Los modelos de lenguaje grandes a menudo mejoran el razonamiento al generar una cadena de pensamiento (CoT) explícita, lo que demuestra la importancia del cálculo intermedio. Sin embargo, la CoT textual obliga a este cálculo a través de un flujo de tokens discreto, serial y orientado a la comunicación: cada paso de razonamiento debe verbalizarse antes de que el modelo pueda continuar, incluso cuando la actualización subyacente es semántica, incierta o solo está parcialmente formada. El razonamiento latente ofrece una alternativa de mayor ancho de banda al realizar cálculos intermedios en estados continuos compactos antes de comprometerse con el texto. Sin embargo, los métodos de razonamiento latente existentes a menudo sacrifican ventajas clave que hacen que la CoT sea efectiva en modelos de lenguaje autorregresivos, incluida la generación nativa de izquierda a derecha, el muestreo probabilístico, la compatibilidad con la decodificación de caché KV y la estimación manejable de verosimilitud. Proponemos NF-CoT, un marco de razonamiento latente que preserva estas ventajas al modelar pensamientos continuos con flujos normalizadores. NF-CoT instancia un flujo normalizador de estilo TARFlow dentro de la columna vertebral del LLM, definiendo un modelo de probabilidad manejable sobre pensamientos continuos compactos destilados de CoT explícita. Las posiciones de pensamiento continuo son generadas por un cabezal NF, mientras que las posiciones de texto son generadas por el cabezal LM estándar dentro del mismo flujo causal. Este diseño proporciona verosimilitudes exactas para pensamientos latentes, permite la decodificación probabilística de izquierda a derecha con la caché KV original y admite la optimización directa del gradiente de política en el espacio de razonamiento latente. En puntos de referencia de generación de código, NF-CoT mejora las tasas de aprobación sobre la CoT explícita y las líneas base de razonamiento latente previas, al tiempo que reduce sustancialmente el costo de razonamiento intermedio.
English
Large language models often improve reasoning by generating explicit chain-of-thought (CoT), demonstrating the importance of intermediate computation. However, textual CoT forces this computation through a discrete, serial, and communication-oriented token stream: each reasoning step must be verbalized before the model can proceed, even when the underlying update is semantic, uncertain, or only partially formed. Latent reasoning offers a higher-bandwidth alternative by performing intermediate computation in compact continuous states before committing to text.

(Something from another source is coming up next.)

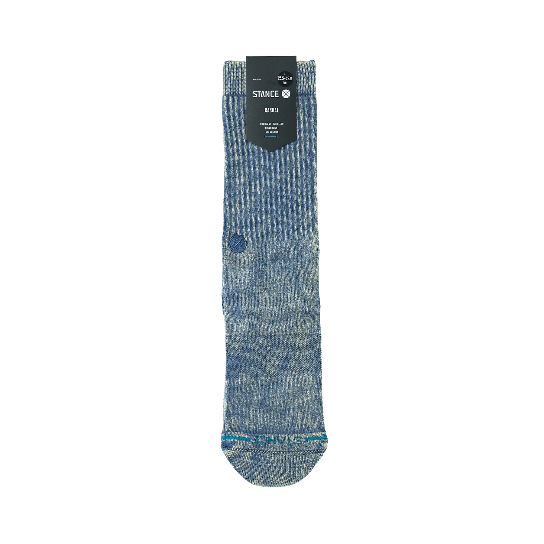 染め加工ならではの奥行きある風合いが魅力のクルー丈リブソックス。

Yet existing latent-reasoning methods often sacrifice key advantages that make CoT effective in autoregressive language models, including native left-to-right generation, probabilistic sampling, compatibility with KV-cache decoding, and tractable likelihood estimation. We propose NF-CoT, a latent reasoning framework that preserves these advantages by modeling continuous thoughts with normalizing flows. NF-CoT instantiates a TARFlow-style normalizing flow inside the LLM backbone, defining a tractable probability model over compact continuous thoughts distilled from explicit CoT. Continuous-thought positions are generated by an NF head, while text positions are generated by the standard LM head within the same causal stream. This design provides exact likelihoods for latent thoughts, enables probabilistic left-to-right decoding with the original KV cache, and supports direct policy-gradient optimization in the latent reasoning space. On code-generation benchmarks, NF-CoT improves pass rates over explicit-CoT and prior latent-reasoning baselines while substantially reducing intermediate-reasoning cost.